The minister of finance envisages that the government would save in the region of B$70 million in interest expense if the Central Bank of Barbados and the island’s National Insurance Scheme engaged in “discussions for a possible swap programme where they and government can reissue some existing securities in their portfolios at lower interest rates agreed by the parties.”

• Increasing the tax net:

The Barbados Revenue Authority (BRA) will establish a special task force to establish a national tax administration registration initiative, aimed at ensuring that all of those persons who are operating businesses, are self-employed, sole trader or professionals and artisans are registered with the BRA.

• Divestment of the Hilton Hotel at Needham’s Point which is currently held under the portfolio of the Needham’s Point Holdings Ltd, which has been valued at US$100 million (B$200 million) with the minister hoping to receive US$50 million net of debt.

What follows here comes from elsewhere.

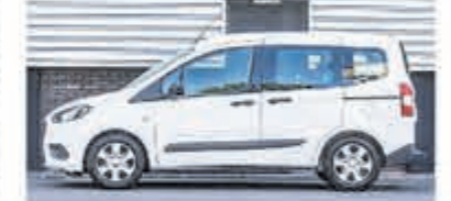
Ford Tourneo Courier 1.0 Titanium € 14.950,-

Why has the Barbadian minister of finance adopted such a hostile approach to the cost of living in the country, by increasing an import tariff by a factor of five, imposing a new foreign exchange tax and increasing the duty on gasoline and diesel?

My own view is that these measures are meant to reduce the demand for foreign exchange, while raising some revenue, which would help Barbados close the gap between expenditure and revenue.

On the other hand, if everything becomes more expensive, it probably means that fewer goods would be traded in Barbados and there would be a reduction in the amount of goods the island imports.

But most of all, the 2017 budget measures are meant to ensure that Mr Sinckler can keep his promise to the Barbadian people not to interfere with the value of their currency, even though by the new taxes achieve the same end of reducing the value of workers’ salaries and savings.

Will Mr Imbert be tempted to go in the direction of sharply increasing consumption taxes on the T&T population as a means of avoiding correcting this country’s grossly overvalued exchange rate?

As Mr Imbert made clear in his mid-term budget presentation last month, he is just as stout in his defense of the exchange rate as the Barbadians: “With respect to the exchange rate, we have also made it clear that we will work in tandem with the Central Bank to ensure that there is an orderly and stable exchange rate regime, based on foreign exchange inflows and the demand for foreign exchange, with a suitable focus on the facilitation of exports. There will be no drastic or sudden depreciation of the currency.”

If he is defending the currency, does he have any choice but to ensure there is no fiscal deficit?